---
license: apache-2.0
base_model: Qwen/Qwen3-Coder-30B-A3B-Instruct
tags:
  - gerbil
  - scheme
  - lora
  - code
  - dpo
language:
  - en
---

# gerbil-qwen3-coder-30b-bf16

Qwen3-Coder-30B-A3B-Instruct fine-tuned for [Gerbil Scheme](https://cons.io/) generation.

Training pipeline and tooling: <https://github.com/ober/gerbil-lora>

## Training pipeline

Three-stage LoRA fine-tune (r=32, α=64, fused-MoE expert targets):

1. **CPT** — Continued pre-training on Gerbil source corpus (lr 2e-5, 2 epochs)
2. **SFT** — Supervised fine-tune on instruction/response pairs (lr 1e-4, 2 epochs)
3. **DPO** — Direct preference optimization on wrong→right pairs (lr 5e-6, 3 epochs)

## DPO eval (vs base Qwen3-Coder-30B-A3B-Instruct)

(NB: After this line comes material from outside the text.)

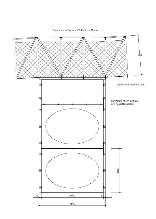 Die Rampenanlage besteht aus modularen vorfabrizierten Komponenten, die vorort nur noch zusammengeschraubt werden mussten, was einen zügigen und sauberen Aufbau ermöglichte. Das Geländer der Rampe aus System 180 Elementen wurde als ebenes Stabtragwerk ausgeführt. Eine statische Berechnung und dynamische Analyse dieser neuartigen Konstruktion erfolgte durch Prof. Yuri Petryna, Technische Universität Berlin. Die Gehfläche bilden Stahlkassetten, deren Oberfläche durch Sandstrahlen zusätzlich aufgeraut wurde. Die Lagerung der Rampenteile erfolgt auf unterschiedlich hohen Podesten aus abgekanteten Stahlblechkassetten, die einen flächigen Lastabtrag in den Bestandsboden ermöglichen. Dadurch konnten bauliche Eingriffe in den Bestand unterbleiben. Außerdem wurden die mit elliptischen Öffnungen versehenen Podeste auch mit Ausstellungsinhalten bespielt, wie beispielweise als Vitrine oder Hörstation.

| Metric | Base | Trained | Δ |
|---|---|---|---|
| Holdout task score | 31 | 39 | +8 |
| Anti-idioms hit | 1 | 0 | -1 |
| Code blocks wrapped | 9 | 14 | +5 |
| tok_lean_sum (P(chosen) > P(rejected)) | -4.17 | +4.03 | +8.19 |
| wins chosen / rejected (n=66) | 47 / 19 | 52 / 13 | +5 / -6 |

## Weights

BF16 merged weights, ~57 GB across 13 safetensors shards.